Real friends are few and far between. A real friend is never determined until a test has been made, and this test is usually troublous times, adversity or the loss of a loved one.

When afflictions come to our families, or reverses come to our business, when the dark clouds hang over us, when stormy seas are about to swamp us, when we need help, then is the time we find who are our true friends. When such calls for friendship arrive it is surprising to see how we have been mistaken in individuals. Those upon whom we counted most shrug their shoulders, draw their skirts about them and give us good advice, while those whom we had never counted as friends come to the front and lend helping hands.

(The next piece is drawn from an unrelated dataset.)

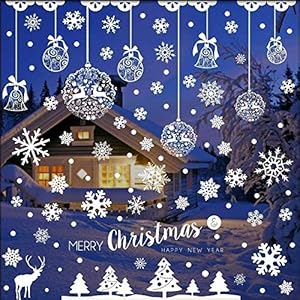 Flysee Pegatinas Navidad para Ventanas, adornos navideños, Pegatina Copo de Nieve Navidad, Decoración de Navidad para…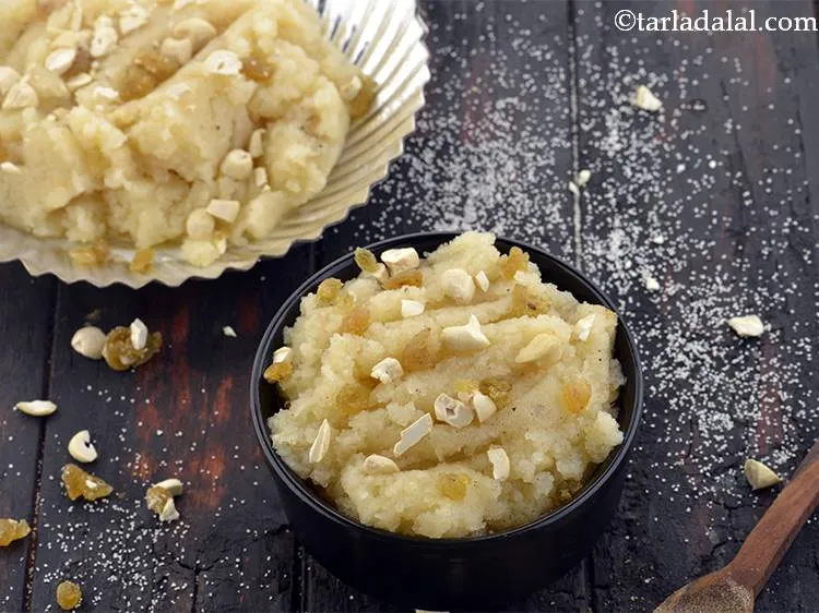 सूजी का हलवा, घी में रवा को भूनकर बनाया जाता है, फिर दूध, पानी, चीनी और मेवे मिलाए जाते हैं और फिर धीमी आंच पर 10 मिनट के लिए पकाया जाता है।

The word friend has been greatly abused. Around places of gaiety, where drinks and good fellowship abound, we frequently hear the word friend, but in the time of trouble those who pose as friends will not help us, and the few who would help us cannot because they have squandered their substance and have not the ability to help us. A friend in need is a friend indeed.

There is no relationship more sacred than friendship.

Friendship carries with it love. The true friend is not one made in a hurry. There is no friend like the old one with whom you went birdnesting in your youth, the friend that has plodded along life's road with you shoulder to shoulder.

When you have a friend who has proven himself such, never let up so long as you live in your evidences of gratitude for the kindness he has shown you. Repay him with interest for his good offices, and let your actions towards him ever be a source of happiness and pleasure to him.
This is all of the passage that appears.